The small fluctuations in the obtained values of SP are expected phenomena and are related to the intensity of the light source used, the exact area of illumination, and the architecture of a perovskite half-solar cell. In our case, the perovskite solar semi-cells were illuminated from above and from the side of the 3D/2D active layer and not from the semi-transparent conductive electrode as shown in Figure S1. This leads to small changes in the SP values between dark and light conditions [28]. Moreover, it is important to keep in mind that the measurements have been carried out on perovskite films without the HTL. In the absence of the HTL, there is less efficient charge separation, which is reflected in weaker SP fluctuations between dark and light measurements. Fluctuations in the measured values of the work function from the top of such a thin film stack, which indicate the absence of a charge transporting layer, which leads to a reduction in the difference of potential between dark and light experiments [29,30].

For the perovskite 3D film from stoichiometric solution PVK (S) without OAI, an increase in SP after illumination was observed. In contrast, the SP decreases under illumination when an organic layer is applied. This could imply the presence of an insulating component, which restricts the band bending in the photoactive layer.

The empirical formula for the most common 2D (Ruddlesden-Popper) perovskites is given by the empirical formula, (LC)₂(SC)_n−1Pb_nI_3n+1 where LC is a large cation such as OA⁺ and SC is a small cation such as FA⁺, and n is the number of (PbI₆)⁴⁻octahedral units sandwiched between the large cations. The lowest value n can have is 1, which corresponds to a pure 2D perovskite with the formula (OAI)₂PbI₄. This means that in order to form a 2D perovskite layer, we need PbI₂ along with OAI. Under stoichiometric conditions, the reaction leading to the formation of the FAPbI₃ black phase after spin coating and annealing will consume all the available PbI₂ in the precursor, leaving nothing behind. Therefore, when using a stoichiometric composition, there is no additional PbI₂ to form a 2D perovskite layer, and depositing OAI on the surface of the 3D film only forms a thin insulating film, which degrades the solar cell’s performance even further.

In order to have additional PbI₂ to form a 2D perovskite layer, we intentionally make the perovskite precursors non-stoichiometric. The composition of non-stoichiometric precursors is (1 − x) FAI:(1 + x) PbI₂ where the amount of ‘x’ is varied between 0.05 and 0.15. We then fabricated PSCs as before. The spread of the PCEs in the PSCs made with different x values along with the IV curve of the best cell is shown in Figure S3 (Supporting Information). We observe the highest efficiency of 17% for the condition x = 0.1. All the photovoltaic parameters (J_sc, V_oc−, and FF) show a significant improvement compared to the PSC from the stoichiometric solution.

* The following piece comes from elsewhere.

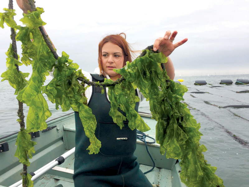 Julia Wald, from Seaweed Harvest Holland, shows ulva growing on lines. Olivier DeClerk photo.

In Figure 2a, we show the morphology of the perovskite film embodying the best solar cell. Similar to the perovskite film fabricated from a stoichiometric solution, the morphology of the perovskite film made from the non-stoichiometric solution is also dense and compact. Along with the big grains of perovskite, we can also see small, bright particles scattered on the surface. These bright particles can be associated with unreacted PbI₂ (as elements with heavier atomic numbers appear brighter in the backscatter electron detection mode). Similar examples can be found in several other papers, which discuss 3D perovskites [31,32]. The crystallographic features of the Pb-rich perovskite film are shown in Figure 2b. Similar to the perovskite film made from the stoichiometric solution, the reflections in the XRD pattern of this film are also matched by FAPbI₃, PbI₂, and FTO using the same references. However, the main difference in this XRD pattern comes from the intensity of PbI₂. Due to the presence of excess PbI₂ present in the films, the intensity of the peak at 14.6° is very high in this film. From Tauc’s plot shown in Figure 2c, we calculate the band gap of the film to be 1.54 eV, which is the same as the stoichiometric perovskite film, suggesting that small changes induced in the stoichiometry of the precursor do not influence the band gap of the absorber.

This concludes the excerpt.